In his dissenting opinion, Judge Walker states: “In my view, the Board of Education’s policy that disallows ‘religious worship services’ after hours in public schools—limited public fora that are otherwise open to all—violates the Free Exercise Clause because it plainly discriminates against religious belief and cannot be justified by a compelling government interest.” In Walker’s judgment, “This case presents substantial questions involving the contours of both religion clauses and the Free Speech Clause of the First Amendment, the resolution of which are ripe for Supreme Court review.” He cites Epperson v.
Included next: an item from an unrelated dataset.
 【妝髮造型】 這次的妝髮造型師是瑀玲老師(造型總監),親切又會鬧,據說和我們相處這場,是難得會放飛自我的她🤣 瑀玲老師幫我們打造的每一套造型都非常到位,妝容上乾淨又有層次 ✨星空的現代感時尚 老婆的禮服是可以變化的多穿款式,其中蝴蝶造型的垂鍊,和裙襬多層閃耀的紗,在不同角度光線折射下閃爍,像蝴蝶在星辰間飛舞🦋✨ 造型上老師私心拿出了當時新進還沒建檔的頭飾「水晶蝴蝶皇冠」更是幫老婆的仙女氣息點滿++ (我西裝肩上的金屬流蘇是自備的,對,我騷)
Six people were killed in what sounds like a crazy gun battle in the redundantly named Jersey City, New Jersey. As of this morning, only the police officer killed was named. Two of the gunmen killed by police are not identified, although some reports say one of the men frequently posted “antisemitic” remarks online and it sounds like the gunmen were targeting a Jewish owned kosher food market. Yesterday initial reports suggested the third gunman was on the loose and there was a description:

Arkansas (1968), which states: “First Amendment mandates governmental neutrality between religion and religion, and between religion and nonreligion.” New York Mayor Bill de Blasio, a new hopeful candidate for the left wing of the U.S. Democratic Party, has expressed support for the religious groups and their paid use of the school buildings after fair application. Those churches that cannot afford their own buildings will be affected by this decision.
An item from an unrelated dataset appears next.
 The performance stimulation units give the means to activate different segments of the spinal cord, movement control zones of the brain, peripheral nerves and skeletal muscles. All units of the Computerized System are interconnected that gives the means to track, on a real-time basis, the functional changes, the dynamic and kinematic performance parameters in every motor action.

The recent decision brings a few important sentences to memory from the 1948 “Statement on Church and State.” It was published in the journal Christianity and Crisis. Twenty-seven professors and clergy members signed the statement, including Harry Emerson Fosdick and Reinhold Niebuhr. The signers declared that they favored “the separation of church and state in the sense which we believe to have been intended in the First Amendment. This prohibited the state from giving any church or religious body a favored position, and from controlling the religious institutions of the nation.” They held that “cooperation, entered into freely by the state and church and involving no special privilege to any church and no threat to the religious liberty of any citizen, should be permitted.”

The idea of the “appearance of endorsement,” as opposed to actual endorsement, is very complex. It requires significant hermeneutical deliberation to determine whether an action gives the “appearance of endorsement” or not. For example, do swearing on the Bible in court or the pastoral invocation at Presidential inauguration services give the “appearance of endorsement”? Do politicians going to church provide the “appearance of endorsement”? When school boards permit churches to do volunteer work at public school facilities, like helping with grounds-keeping and painting, are they effectively giving the “appearance of endorsement”? Of course, in none of these cases is there any actual endorsement, in the sense of a legal agreement on the part of the politicians or public institutions.
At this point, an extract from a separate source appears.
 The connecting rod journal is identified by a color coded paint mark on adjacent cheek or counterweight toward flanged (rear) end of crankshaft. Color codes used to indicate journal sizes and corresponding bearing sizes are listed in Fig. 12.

The desire to avoid an “appearance of endorsement” may spring from an idealized conception of society in which public institutions operate from the standpoint of a supposedly objective worldview. This does not reflect the reality of the everyday work of public institutions and political figures, who often give the “appearance of endorsement” by working with religious groups. The old tradition of American church-state policy is not built upon conceptions of an idealized society of worldview neutrality; it is rather concerned with rejecting a specific political order in which the state designates a religion for the country and thus establishes it with formal institutional backing. Free cooperation between religious communities and public institutions was a reality in the eighteenth century, as it is today.

Judge Leval and Calabresi’s decision could be interpreted as encouraging public institutions to free themselves from any “appearance of endorsement” in order to avoid the “substantial risk of liability.” Because of the vacuity of the term “appearance,” this would be a virtually impossible task. It also lacks a solid constitutional basis. Apart from these arguments, the decision has unfortunate practical consequences. At a time when American schools need more financial support and volunteers, the court has sent the wrong signal to the churches and to the members of religious communities who often provide money, time and volunteers to their communities. It diminishes the spirit of cooperation which is essential to American’s diverse civil society. This principle of cooperation was affirmed in the New York City Department of Education’s “Citywide Standards” (PDF) from 2013. There pupils are encouraged to establish “positive relationships,” for this is one of the “fundamental skills for life effectiveness.” Of course, developing positive relationships is not only an aim of pupils and employees of public schools. It is also one of the important tasks of both public and ecclesial institutions. Such a task should not require a compromise in core values or guiding principles. On the contrary, the spirit of cooperation calls for a deepening of the commitments to these foundations and maxims and a rediscovery of their basic constitutions. This is because cooperation is most effective when it is grounded in the specific ethos of the different institutions involved, and when there is an elementary agreement about some general shared goals and a common good.